> Work item: Your copy of the entries below should hold exactly the lines from the one containing "水辺公園から戻って・・・イト" to the one containing "Printed paneled shirt", inclusive, and no pictures.

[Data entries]
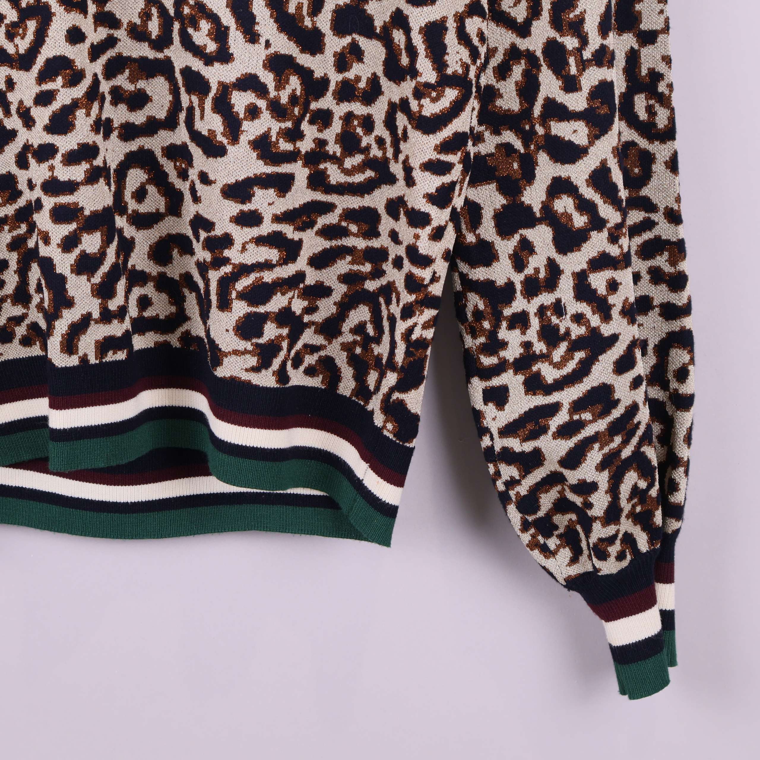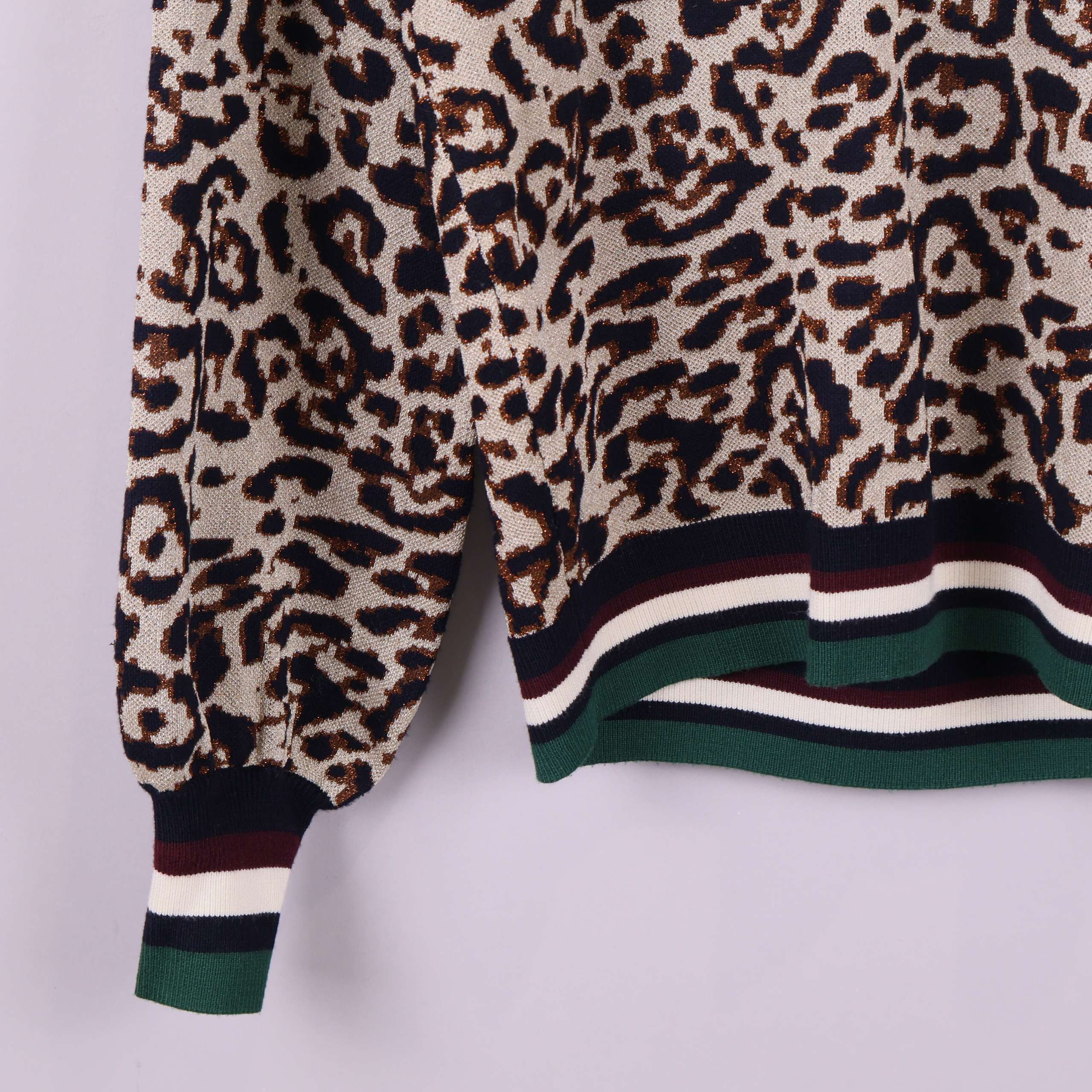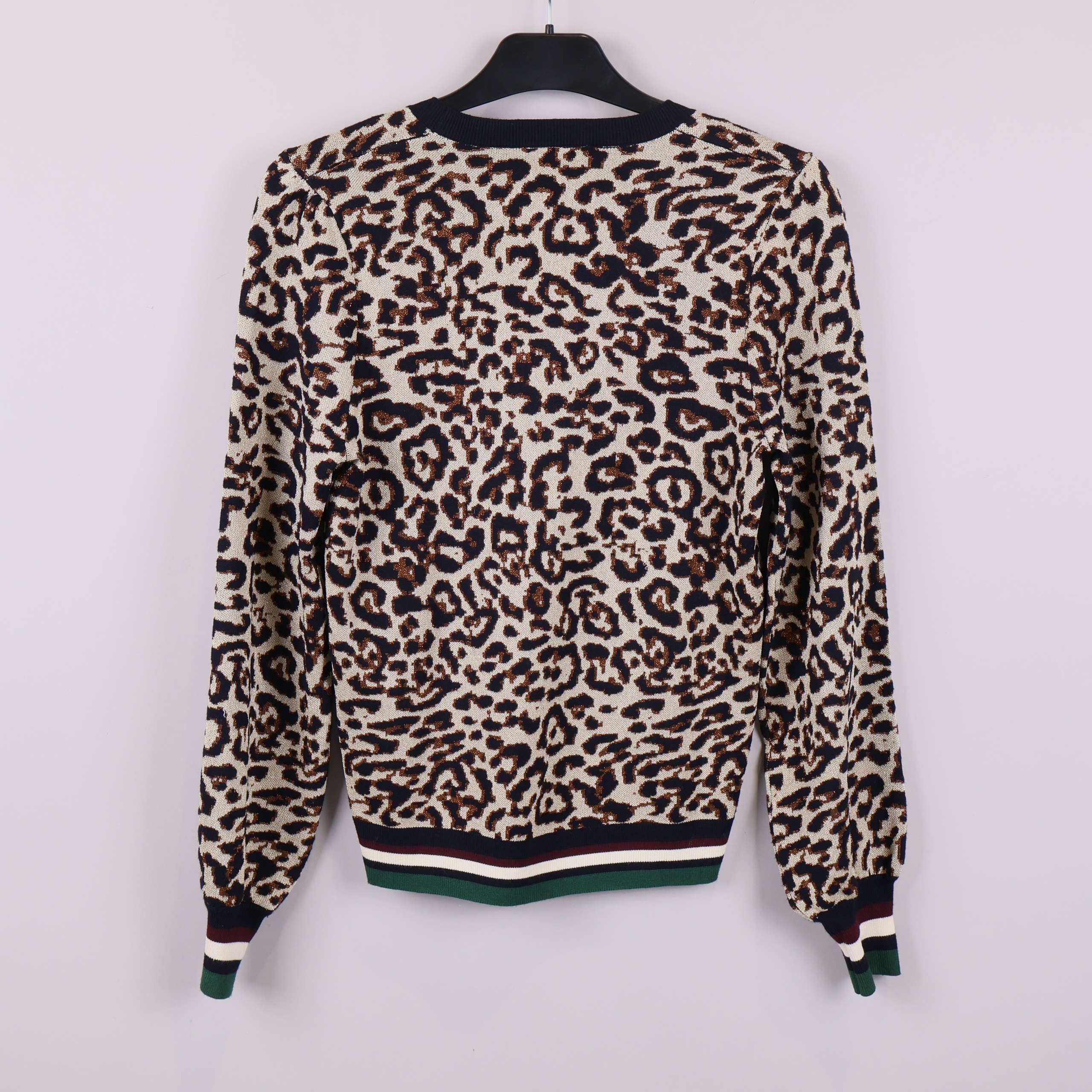 Mönstrad tröja med djurmönster i klassisk leopardstil. Ribbstickade muddar och nederkant i grönt, vinrött, svart och vitt ger en sportig touch.
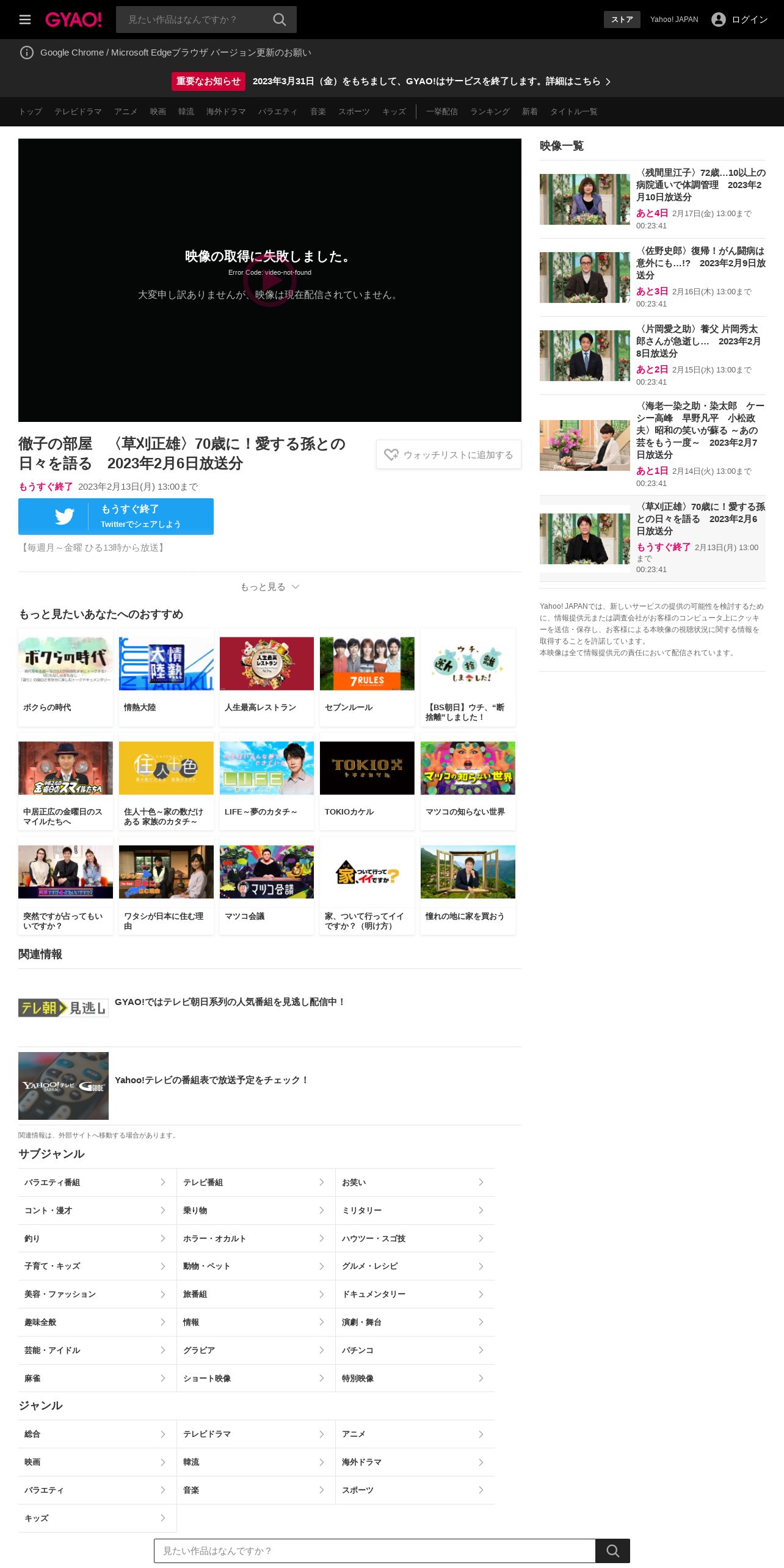 https://gyao.yahoo.co.jp:443/episode/%E5%BE%B9%E5%AD%90%E3%81%AE%E9%83%A8%E5%B1%8B%E3%80%80%E3%80%88%E8%8D%89%E5%88%88%E6%AD%A3%E9%9B%84%E3%80%8970%E6%AD%B3%E3%81%AB%EF%BC%81%E6%84%9B%E3%81%99%E3%82%8B%E5%AD%AB%E3%81%A8%E3%81%AE%E6%97%A5%E3%80%85%E3%82%92%E8%AA%9E%E3%82%8B%E3%80%802023%E5%B9%B42%E6%9C%886%E6%97%A5%E6%94%BE%E9%80%81%E5%88%86/63cf7bd6-cd1e-47c6-b30c-59b5ec800be6
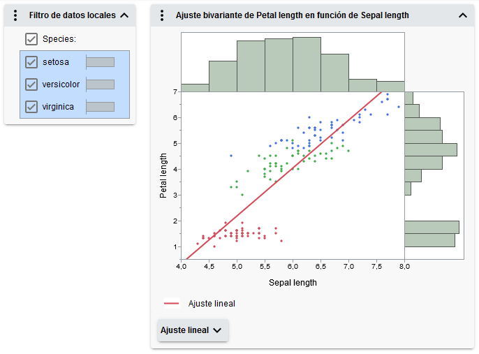 Si su informe JMP contiene múltiples gráficos, se vinculan los datos de todos los gráficos. Es decir, si selecciona datos, se resaltan en todos los gráficos asociados.
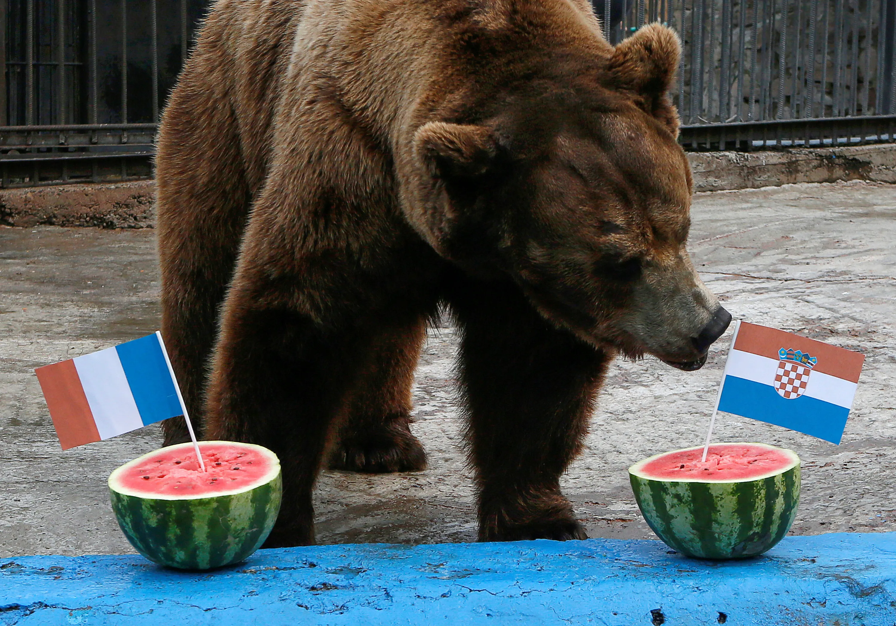 Buyan, a male Siberian brown bear, attempts to predict the result of the soccer World Cup final match between France and Croatia during an event at the Royev Ruchey Zoo in Krasnoyarsk, Russia July 14, 2018. (Photo by Ilya Naymushin/Reuters)
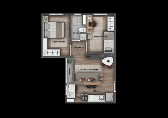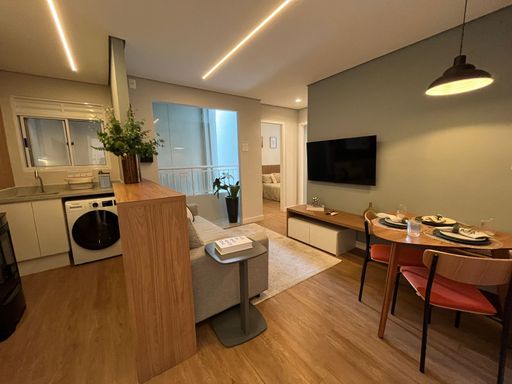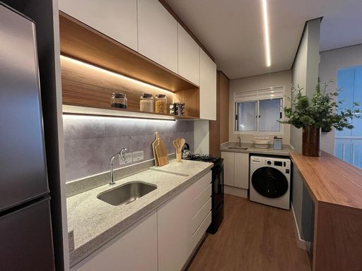 2 dormitorios, sala, cozinha, lavanderia, varanda, 1 banheiro e 1 vaga de garagem, planta de 42,54m2.
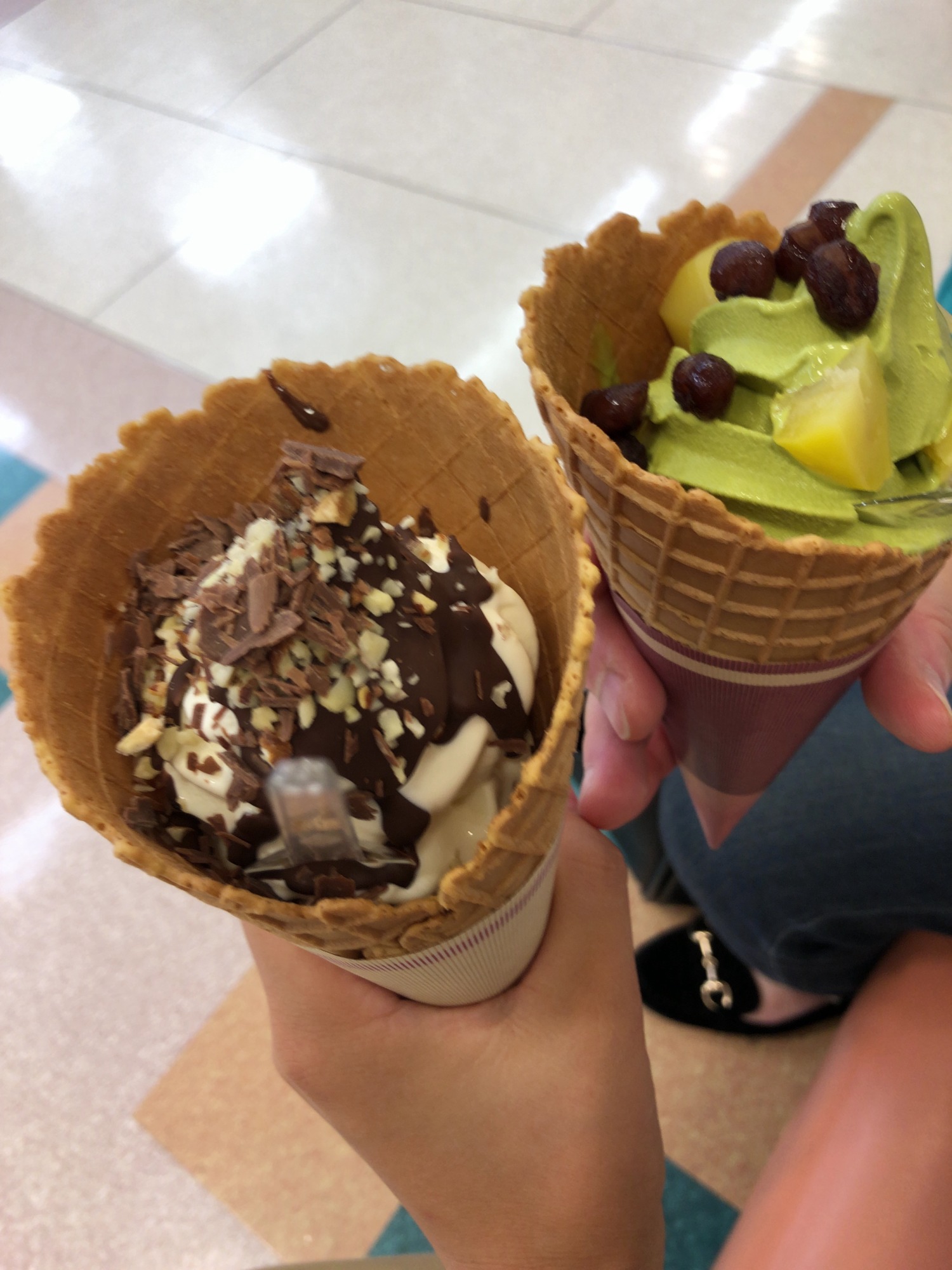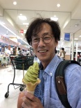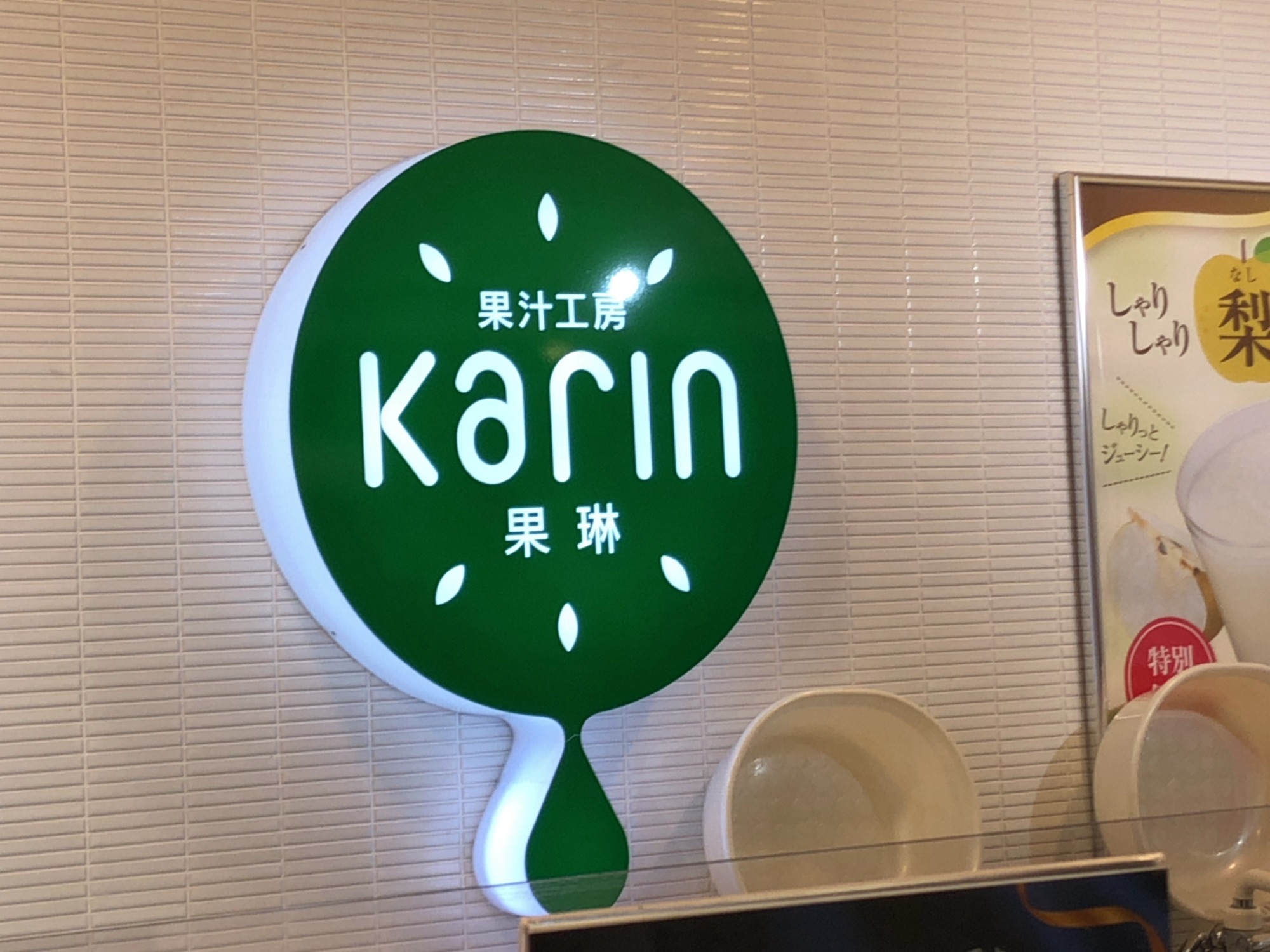 水辺公園から戻って・・・イトーヨーカドーのフードコートで、しゃりしゃり梨ジュース
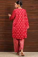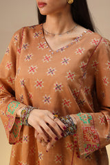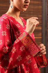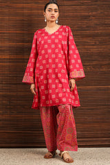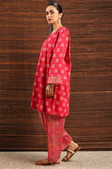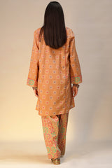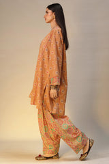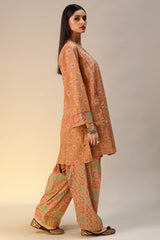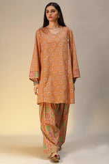 Printed paneled shirt with a V-neckline, adorned with sequin detailing along the neckline. Paired with a coordinated printed classic-fit shalwar.
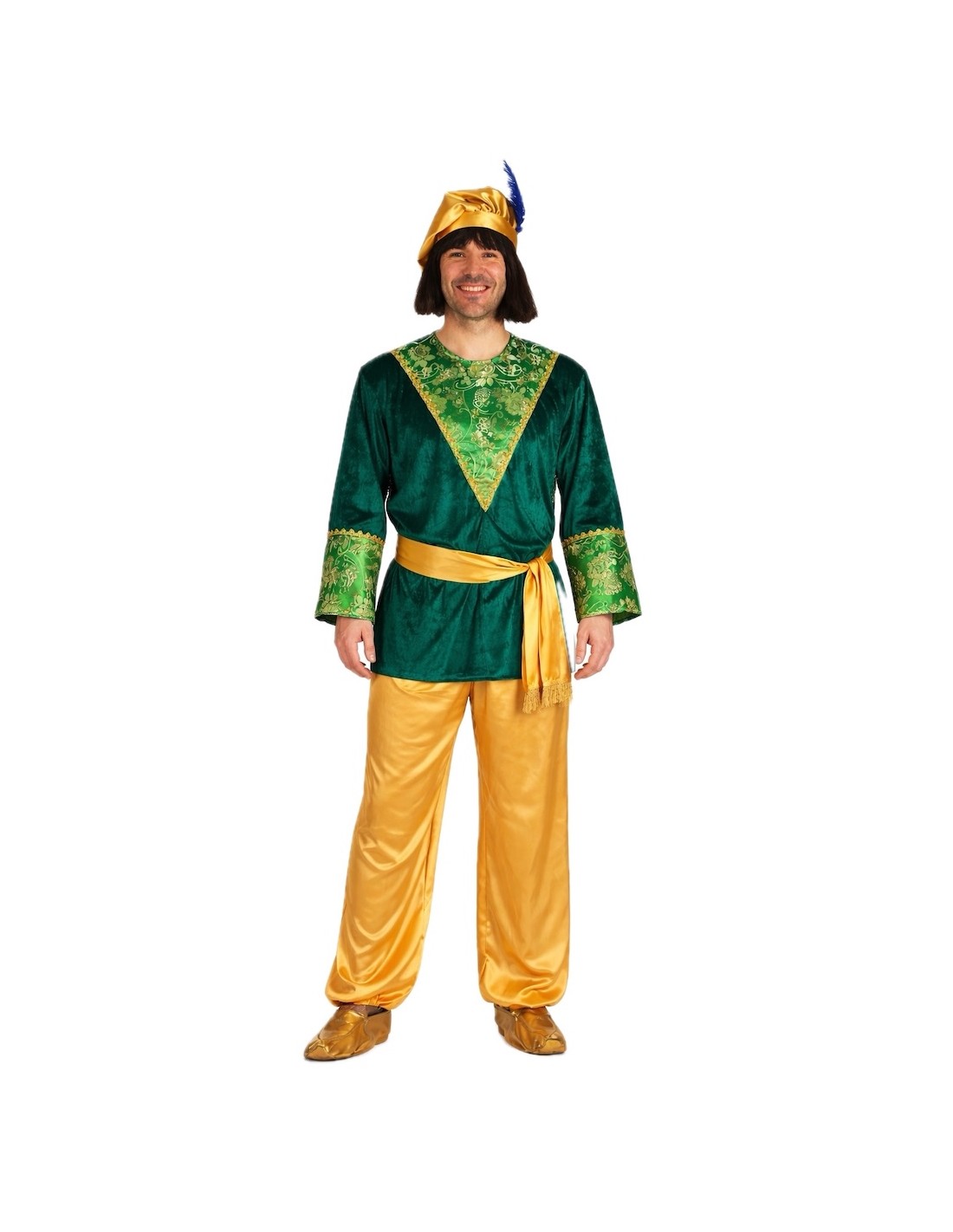 This page costume dazzles with its high-quality craftsmanship and the elegance of its finishes. The jacket, made of soft green velvet, fastens at the neck with Velcro and features a spectacular front and sleeves decorated with brocade fabric reminiscent of damask and golden trim that give it a majestic look. The pants, made of golden satin, have elastic at the waist and ankles for a comfortable fit, while the sash, also made of satin, is adorned with golden fringes that add distinction. The puffy hat, made of matching satin and topped with a feather, completes the ensemble. The highlight of the costume is undoubtedly the luxurious brocade of the jacket, which adds authenticity and nobility. A soft, eye-catching, and distinguished outfit, ideal for parades, living nativity scenes, and Christmas celebrations full of tradition.

> Answer to this problem:
 水辺公園から戻って・・・イトーヨーカドーのフードコートで、しゃりしゃり梨ジュース
 Printed paneled shirt with a V-neckline, adorned with sequin detailing along the neckline. Paired with a coordinated printed classic-fit shalwar.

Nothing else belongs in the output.